Рядом с ним плакат вполне реалистический — пожилой интересный мужчина обнимает рыженькую длинноволосую девушку. Она откинула голову назад, губки её чувственно приоткрыты. Надпись: SADE. Ниже: «Suivez votre instinct!» Реклама нового кинофильма. Её я уже видела на автобусах, разъезжающих по городу. «Notre» — наш. Стало быть, «votre» — ваш. К чему призывает плакат? Что-то надо сделать с вашим и с моим инстинктом. Возможно, даже срочно… Но сейчас мне было не до разборок с инстинктом. Подошёл поезд. Предыдущий я прохлопала. Скорее всего потому, что был выходной, на станции в этот час я была одна. Недоумённо глядя вслед ушедшему составу, не распахнувшему передо мной двери, я вспомнила, что здесь самообслуживание — двери, чтобы войти в вагон, открывают сами пассажиры. Не без опаски (вдруг не получится) раздвинула двери полупустого вагона следующего поезда, и удивилась: попала в Африку. В полупустом вагоне ехали одни негры. Передо мной тоже сидели два рослых выходца чёрного континента. Сиденья в вагонах парижского метро расположены не так, как в московском метро, двумя длинными рядами друг против друга, а как в автобусе, причём тесном, допотопном.
Это позволило мне внимательно рассмотреть их шевелюру. Их короткие черные вьющиеся волосы напоминали обуглившийся поролон.
Прежде, чем ехать в Сен-Женевьев-де Буа, надо было поменять доллары, купленные в Таллине, на франки. Нельзя без местных денег пускаться в неизвестность. Вдруг проморгаю последний автобус (с меня станется) и придется брать такси до Парижа? Или проситься к кому-нибудь на ночлег?
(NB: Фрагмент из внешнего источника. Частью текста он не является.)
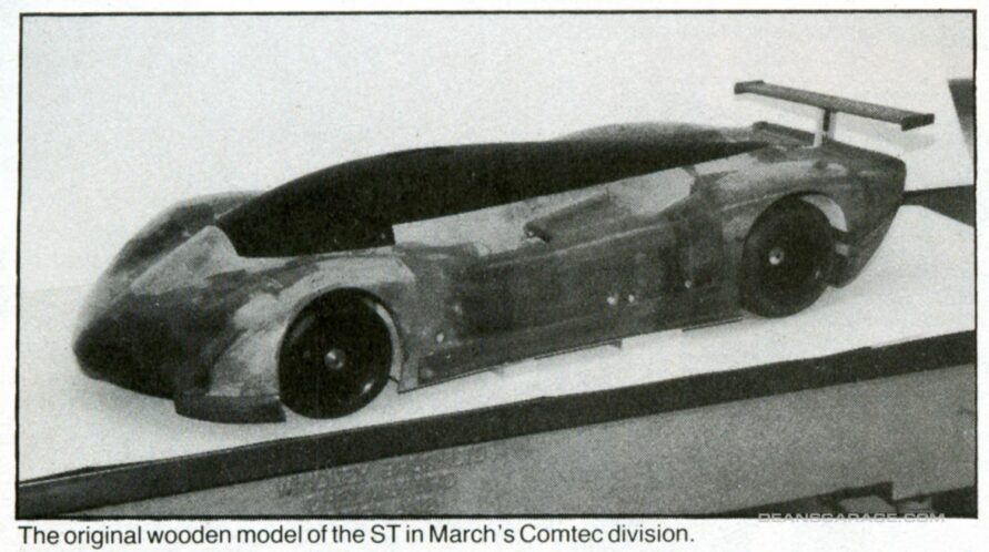The 85C type was much lighter than 84C and twice as stiff. Its wheelbase of 111-inch was a very important factor in the design of the Aerotech. The two cars had Quad 4-derived engines, very different in between, though. These were coupled to a March transverse gearbox as used on Indy car racing on the ‘ST’ and to a Hewland unit on the ‘LT’. March’s ST car 2.0-liter Quad 4 ‘RE’ engine was built by Batten Engineering of Romulus, Michigan. It had a problematic and much delayed set-up phase on the dyno. RE was derived from a Quad 4 production unit and used methanol as fuel. A massive single Garrett turbo compressor and two injectors per cylinder were RE’s distinctive features. Its installation at the back of ST took place at Foyt’s workshop, 20 miles northwest of Houston. ST’s completion was overseen there by Hewell ‘Hughie’ Absalom, the legendary race mechanic, member of March at the time and the person who had actually built most of the car at March in Bicester. ST was the car used by Foyt for the ‘world’s closed-course speed record’ of 257.124 mph at the old Firestone in Fort Stockton 7.712 miles long oval test track set on August 27, 1987. This was an unofficial record, since there was no such officially recognized category.
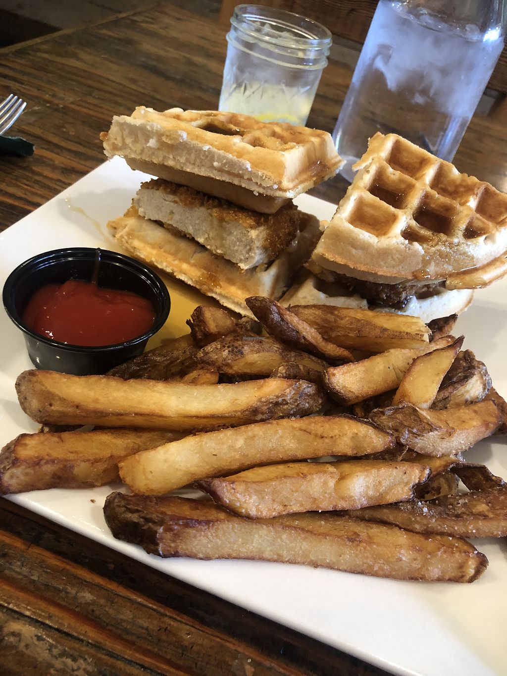 While everything should have been fantastic I was a bit underwhelmed. The chicken and waffles were good - waffle cooked to perfection with some gardien chicken nuggets and a savory sauce with jalapeños. I was expecting a sweet plate. They must be known for their cold brew because my French press coffee water wasn't hot enough to brew the grounds. Probably a fluke in ordering and wouldn't deter me from visiting again.
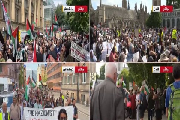 According to the English section of webangah News Agency, citing Al Jazeera via Mehr News Agency, on Saturday, protests took place in multiple European capitals and cities backing Gaza. Participants condemned what they described as a starvation siege and genocide carried out by the Zionist regime against the palestinian people. Demonstrators called for an immediate end to the occupying regime’s crimes in the Gaza Strip.
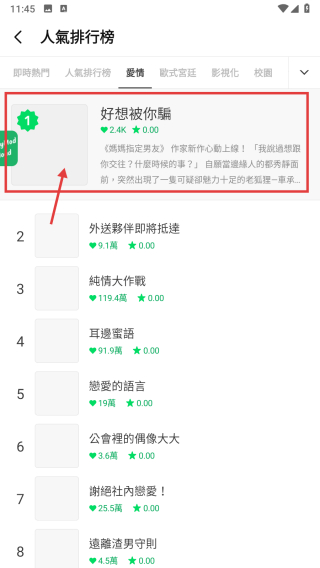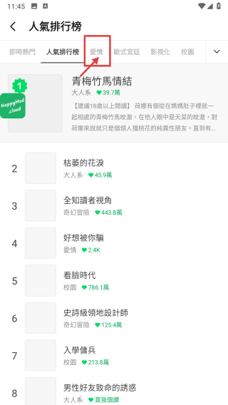 2、在人氣排行榜頁面,點擊愛情分類標(biāo)簽,進入愛情類作品列表頁面。
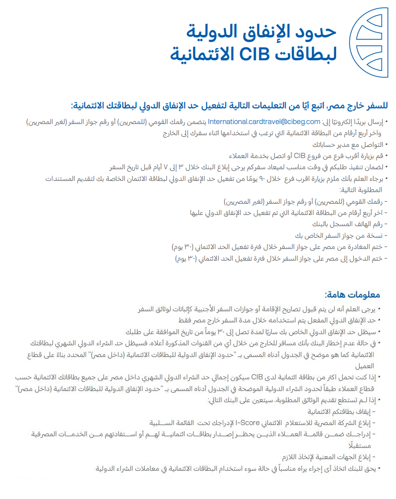 ورفع CIB حدود الاستخدام على كافة البطاقات الائتمانية داخل وخارج مصر وفقاً لنوع كل قطاع، كما خفض الهامش على أسعار صرف العملات الأجنبية لجميع البطاقات ليصبح 5% بدلًا من 10%.
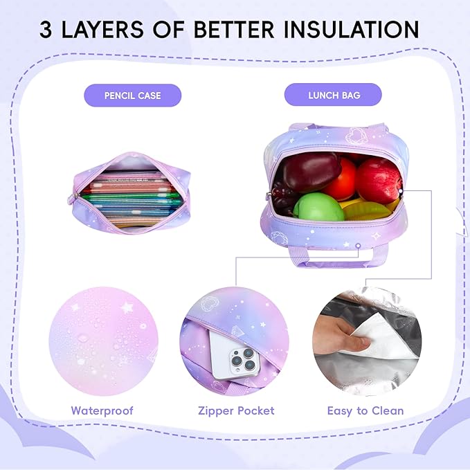 Tanou Backpack with Lunch Box for Girls, Kawaii Set School Bag for Kid Elementary Middle School, Aesthetic Laptop Bookbag Lightweight, Purple

Выйдя на станции «Chatele», я стала искать надпись «Sortie»*.Уж это-то слово любой россиянин запомнит сразу. Предположить, какими путями оно, означающее на французском выход, трансформировалось в русское «сортир», несложно.
Стрелка на табличке Sortie указывала, что этот выход в сторону «Place Sante opportune». «Святые оппортунисты», перевела я. Надо же… Из курса истории партии, который раньше был обязателен для всех, кто хотел получить высшее образование, мне запомнилось, что оппортунизм — что-то нехорошее. Оппортунистов честили, на чём свет стоял…
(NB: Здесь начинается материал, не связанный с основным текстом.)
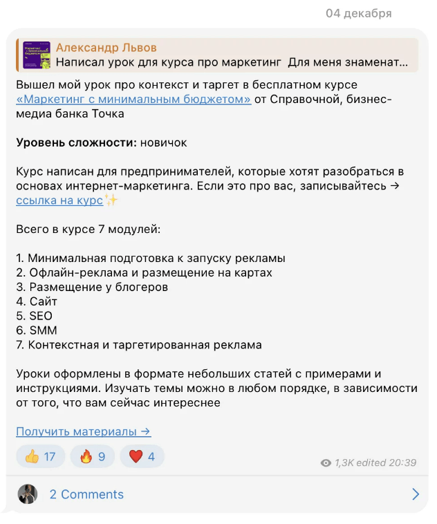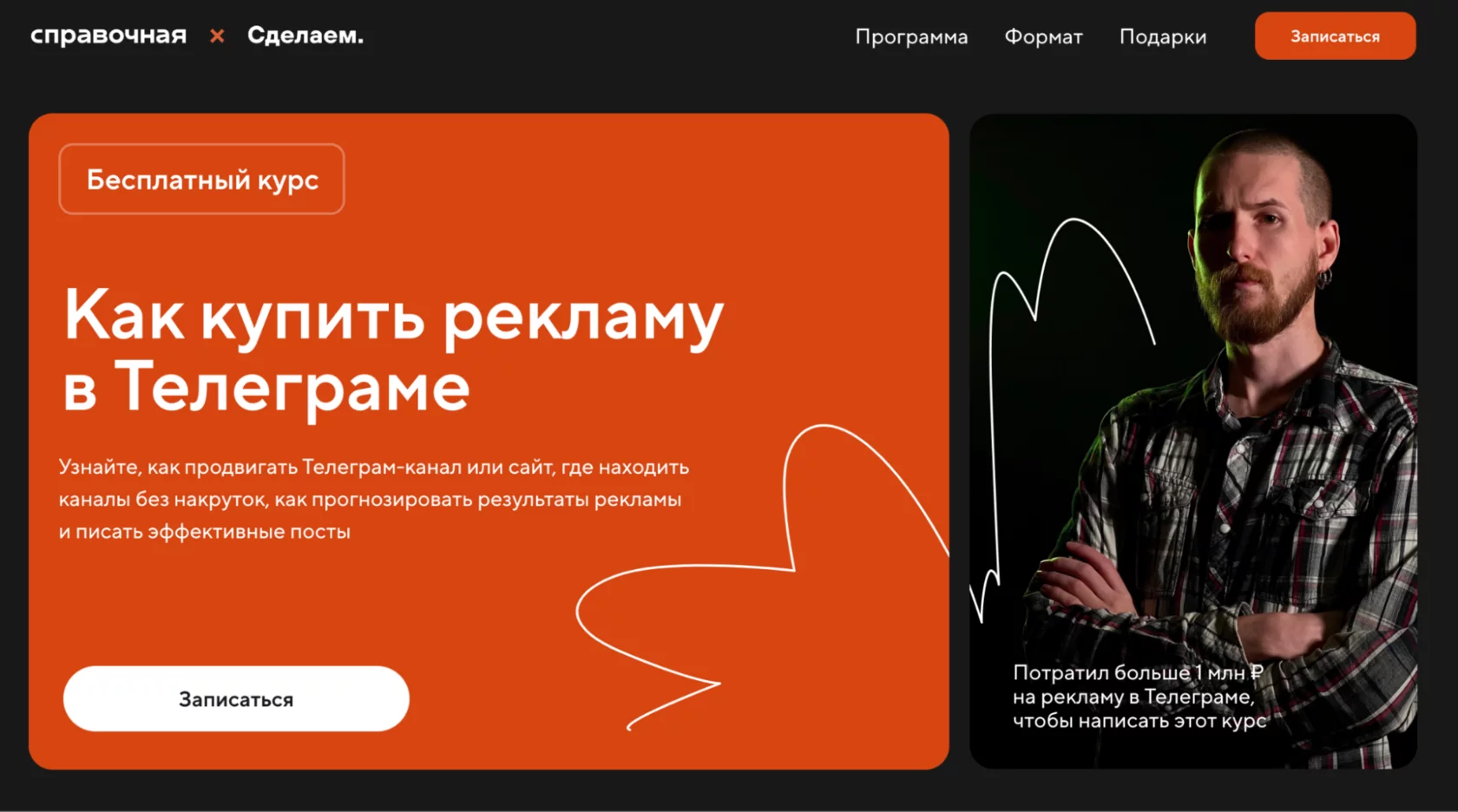 Ребята из Справочной уже готовили курс вместе со «Сделаем» в 2023 году. В нём Паша рассказал, как продвигать Телеграм-канал, как прогнозировать результаты рекламы и писать эффективные посты. Сам курс полностью бесплатный. Чтобы получить к нему доступ, нужно заполнить короткую анкету: указать номер телефона и почту.
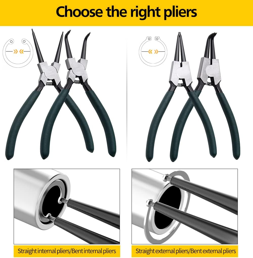 【Package Include】- The snap ring pliers set includes 4pcs 7″ internal/external circlip pliers, they are 1pc straight internal snap ring pliers, 1pc 90-degree angled internal snap ring pliers, 1pc straight external snap ring pliers and 1pc 90-degree angled external snap ring pliers
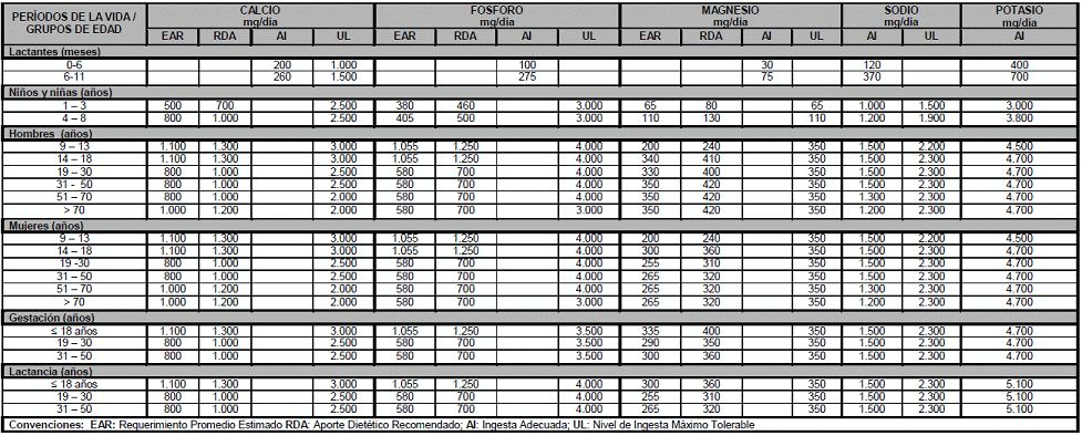 3.9. Recomendaciones de Ingesta de Macro Minerales: Se establecen las recomendaciones de ingesta para 5 macro minerales, para todos los grupos de edad y estado fisiológico, expresadas de la siguiente forma: a) calcio, fósforo y magnesio expresados como EAR, RDA, AI y UL; b) sodio expresadas con los valores de referencia AI, UL; c) potasio expresado como AI.
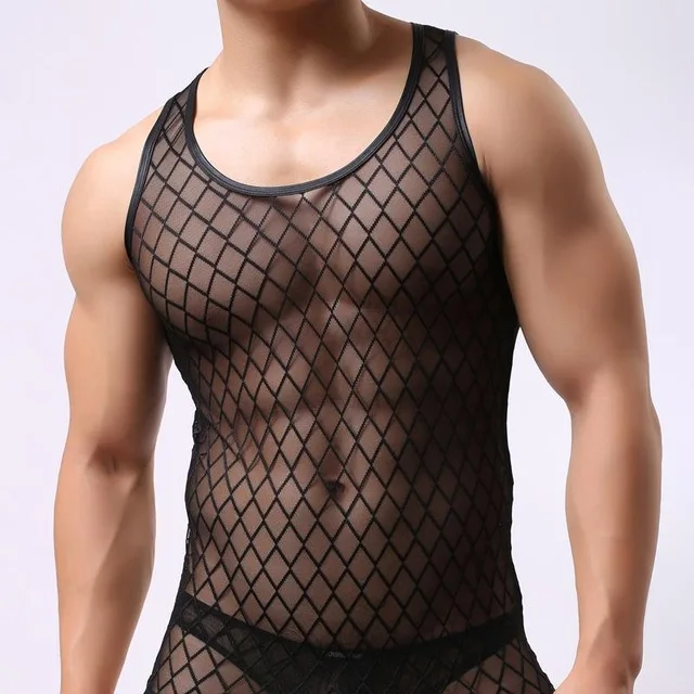 Майка мужская прозрачная сетчатая в клетку, пикантный жилет для геев, Экзотическая одежда для дома и отдыха, клуба, нижняя одежда, лето

Выйдя из метро, и оказавшись на рю Риволи (самый центр Парижа), я поразилась. На улице ни души. Магазины закрыты. Банки тоже. Dimanche. В Риге валютой торговали ежедневно и круглосуточно. Буквально на каждом шагу, в каждой подворотне можно было в новое время, позволившее иметь дело с валютой (в советское время даже за хранение валюты была уголовная статья) увидеть вывески «Valutas maina», «Valutas apmaina»…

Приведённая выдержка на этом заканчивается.